Reported by: Randall Lewis <ralewis <at> yahoo-inc.com>

Date: Fri, 21 Jan 2011 02:36:02 UTC

Severity: normal

Done: Bob Proulx <bob <at> proulx.com>

Bug is archived. No further changes may be made.

To add a comment to this bug, you must first unarchive it, by sending
a message to control AT debbugs.gnu.org, with unarchive 7878 in the body.
You can then email your comments to 7878 AT debbugs.gnu.org in the normal way.

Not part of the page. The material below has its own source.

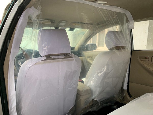 这种防护隔离膜是厂家结合天津出租车市场的车型定制设计,材料由聚氯乙烯薄膜制成,通过魔术贴使薄膜与车内顶、前排座椅背后、后座脚垫等部位贴合连接,使车厢前后形成相对独立的空间,能有效阻断病毒飞沫传播。

Toggle the display of automated, internal messages from the tracker.

View this report as an mbox folder, status mbox, maintainer mbox


Report forwarded to owner <at> debbugs.gnu.org, bug-coreutils <at> gnu.org:
bug#7878; Package coreutils. (Fri, 21 Jan 2011 02:36:02 GMT) Full text and rfc822 format available.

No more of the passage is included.